It’s a fairly common belief that “good things never happen to me”. Victims of abuse in Australia are not used to getting very much, you know, so they have never had much to cheer for or hope for in years gone by.
The same applies to compensation for victims. Most States of Australia have a victim’s compensation scheme. The maximum award for compensation varies from around fifty thousand dollars to seventy five thousand dollars. The statutory limitation is usually three years. In New South Wales, the time limit is two years. In NSW, victims of child sexual abuse usually receive up to thirty-five thousand dollars; the most serious cases of long-term pattern abuse can receive forty thousand dollars to fifty thousand dollars. These sorts of payouts are what I call token payouts. They are not calculated using any formula. They are simply amounts which the government scheme can afford. They do not reflect in any way the victim’s suffering, past or future. They take no account of economic loss, past or future. Typically, civil payouts by churches and charities are often in the order of fifty thousand dollars to a hundred thousand dollars. In some cases a bit more. But these are still token payments.

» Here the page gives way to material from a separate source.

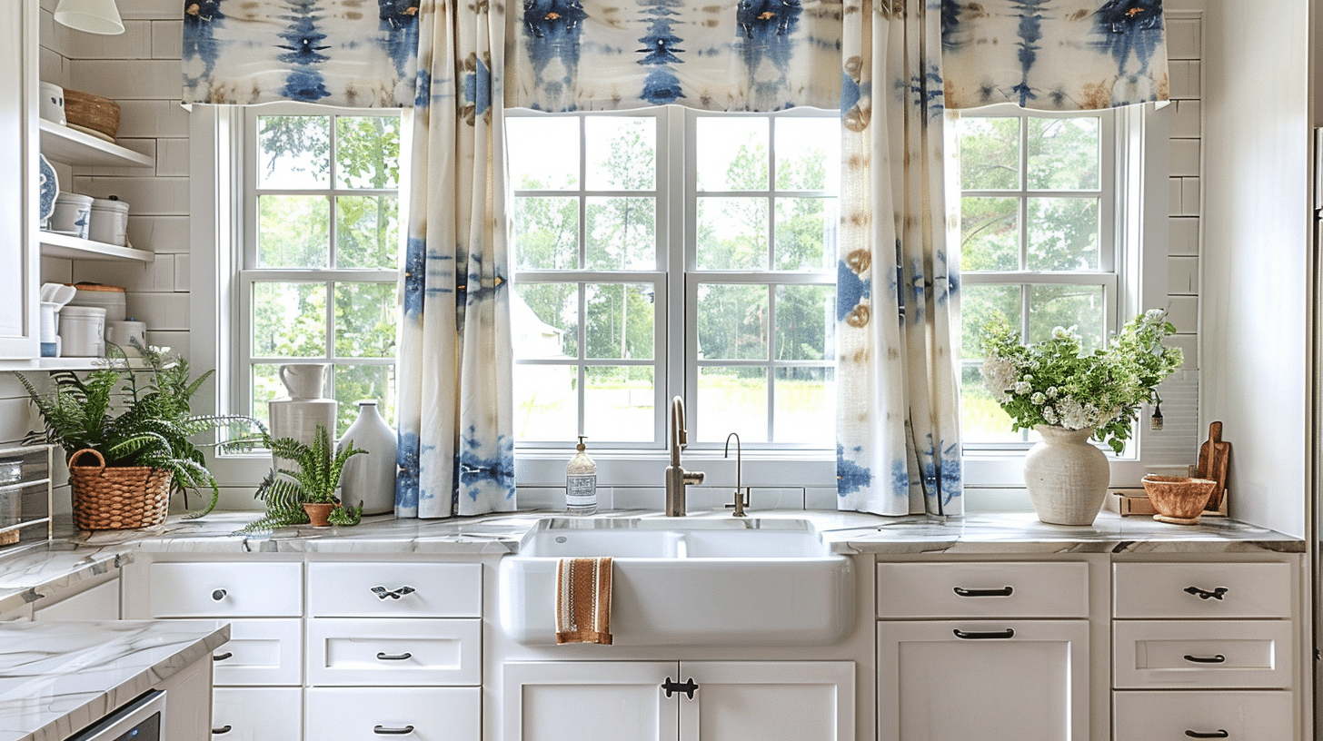 Shibori-dyed kitchen curtains add a vibrant and artistic flair to this elegant kitchen. The detailed blue and beige patterns create a unique focal point, complementing the white cabinetry and natural elements.

They are payments offered to people who are living in poverty. The institutions take advantage of the victims’ poor circumstances. The victims are expected to take the money and keep quiet.
Australia’s Royal Commission is bringing hope to many thousands of victims of institutional child sexual abuse…. hope that there will be justice and redress…. hope that perpetrators will be jailed…. hope that real compensation will be paid. Gone are the days of simple apologies. Saying sorry is easy and, in itself, is often unhelpful to the victims. I believe that when someone says that they are sorry, they must be really sorry. Compensation is needed to “seal” the apology and to make it believable and genuine. Real compensation sends the message to the community that the perpetrator did the wrong thing. The message is given to the community that this sort of behaviour is unacceptable and will be met with the full force of the law if it happens again.
The Laws of Australia state at [33.10.10]:
“The principal remedy for tort is compensatory monetary damages. It is recognised that damages cannot return a plaintiff precisely to the pre-tort position, but the award is calculated to achieve this as far as money can. The remedial purpose of compensation is to put injured parties back as nearly as possible into the position in which they would have been had the wrong not been committed”.
These principles are further expounded in Todorovic v Waller[i], a 1980 High Court of Australia decision which states:-
1. A plaintiff who has been injured by the negligence of the defendant should be awarded such a sum of money as will, as nearly as possible, put him in the same position as if he had not sustained the injuries.
2. Damages for one cause of action must be recovered once and forever, and (in the absence of any statutory exception) must be awarded as a lump sum; the court cannot order a defendant to make periodic payments to the plaintiff.
3. The Court has no concern with the manner in which the plaintiff uses the sum awarded to him; the plaintiff is free to do what he likes with it.
4. Fourthly, the burden lies on the plaintiff to prove the injury and the loss for which he received damages.
I think it is important to recognise that it is the law in Australia that compensation must be awarded in a lump sum. This is to be a sum of money which will as far as possible return a victim to the same position that he or she would have occupied if it was not for the abuse suffered. It is also to be noted that compensation serves a remedial purpose as well as a restorative purpose. I think it is interesting that the case of Todorovic gives an injured party full and unfettered right to do what he or she wants to do with their lump sum compensation. I will be proposing to the Royal Commission that free expert financial advice be made available to all victims seeking compensation and the costs of this advice be built into a national fund to be subsidised by the institutions at fault. All too often, victims who have never seen thousands of dollars before receiving a lump sum find their compensation is used up with very little to show for it. However, with sound financial advice, there is an opportunity for victims to use their compensation money wisely, perhaps to purchase a house and to have something left over to invest and to provide an income for themselves into their old age.
 Todorovic v Waller (1981) 150 CLR 402, 412.